Восемь работниц сидят, пьют молоко с булками, одна вяжет мелькают спицы, другая дремлет.

Николай Васильевич Гоголь родился двадцатого марта тысяча восемьсот девятого года в местечке Сорочинцы, Полтавской губернии, в семье помещика... начала я.

Похоже на экзамен, страшно только сначала, потом не страшно. Не надо было стараться втиснуть всю трагическую жизнь великого писателя и все его великое творчество в один обеденный перерыв. Это была ошибка.

Только в самом конце я перевела дыхание и произнесла немного медленнее, дрожащим от волнения голосом:

Умер он в тысяча восемьсот пятьдесят втором году двадцать первого февраля. За десять дней до смерти он вторично сжег часть глав второго тома «Мертвых душ»...

И вытерла платком лоб, щеки и мокрые глаза.

Им было его не жалко, наверно, но некоторые прослезились вместе со мной. Отчего, не знаю. Наверно, от того, что жил такой талантливый и несчастливый человек, от грустных мыслей о неизбежном конце и неизбежных страданиях, на чью бы долю они ни приходились.

Вопросов мне не задавали, одна женщина только спросила, как меня зовут и сколько мне лет. Обеденный перерыв кончился, все заторопились.

Женщина-культработник отметила мою путевку, записала там: «Слушатели остались довольны и благодарны» — и повела показывать завод. В каждом цехе угощали, глазированные сырки были поразительной свежести, пахнущие ванилью и покрытые тонкой сладкой коричневой корочкой.

Потом я перестала бояться слушателей, когда прочитала много лекций в разных аудиториях.

...В ту весну я не отказывалась от самых трудных и невыгодных лекций, ездила в Лугу, в Зеленогорск, в пионерлагеря, в военные лагеря, в самые отдаленные места, которые полагалось обслуживать областному лекционному бюро, но почему-то обслуживало наше, городское, а в нашем их обслуживала я.

Была какая-то странная закономерность в том, что чем больше я читала эти лекции, тем больше их надо было еще читать.
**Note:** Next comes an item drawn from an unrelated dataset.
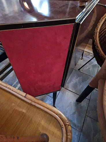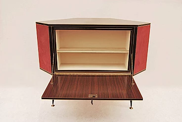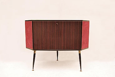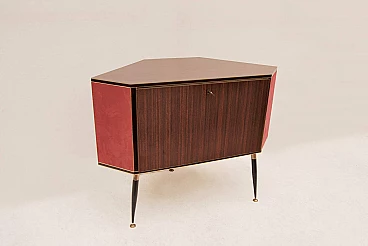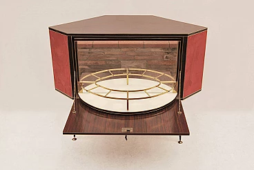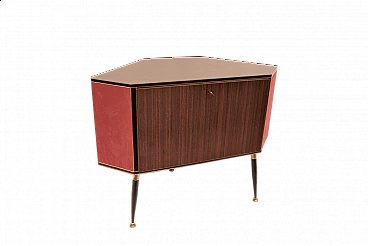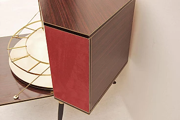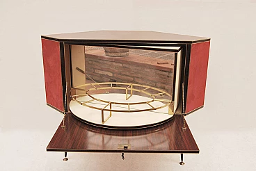 Questo mobile bar risale agli anni '50-'60 del XX secolo. E' stato costruito in legno e laminato effetto mogano con bordature nere e oro mentre i fianchi sono rivestiti in velluto rosso. Il contenitore interno, rivestito in laminato color avorio, è girevole e può alloggiare i bicchieri nella parte anteriore mentre nel retro, con specchio, può contenere bottiglie di vini o liquori.

Бывало две в день, и в разных концах города. Я носилась с лекции на лекции, позабыв про университет, шепча в троллейбусе эффектные фразы, ударные концовки, повторяя даты.

Чем-то я стала похожа на своего маленького начальника, моего однофамильца, озабоченного, усталого человека с лысой головой и запавшими, всегда красными глазами. Его нервозность и замученность были очевидны. А между тем это был добрый человек, который всем хотел делать хорошее. Ему было трудно, ибо его подопечные желали получать только самые лучшие путевки, какими в нашем учреждении считались путевки в десятые классы школ, расположенных в центре города. Были и другие любимые объекты, были терпимые, а были такие, которые никто не хотел брать, главным образом из-за того, что далеко ехать. Были лекторы, которые очень нуждались в работе, а иным это было не так важно. Наконец, и сами лекторы были разные. Одних любили, других не особенно. Были самые настоящие любимцы публики, на них приходили персональные заявки. А некоторых просили больше не присылать. Словом, мой бедный однофамилец должен был крутиться. А был он человек мягкий, не умел никому отказывать, на него надо было только немного нажать, и он все делал, что у него просили, и отдавал то, что имел.

Вижу, как он стоит возле своего письменного стола, а его плотным кольцом окружают любители читать лекции в школах, расположенных в центре города. Он в черном костюме, с черным галстуком, с огромным портфелем, торжественно-беспомощный, и глаза всегда красные от усталости и простуды. Басит:

Товарищи, товарищи, никому ничего не дам. Не просите. Опять вы просите, хотя я просил вас не просить.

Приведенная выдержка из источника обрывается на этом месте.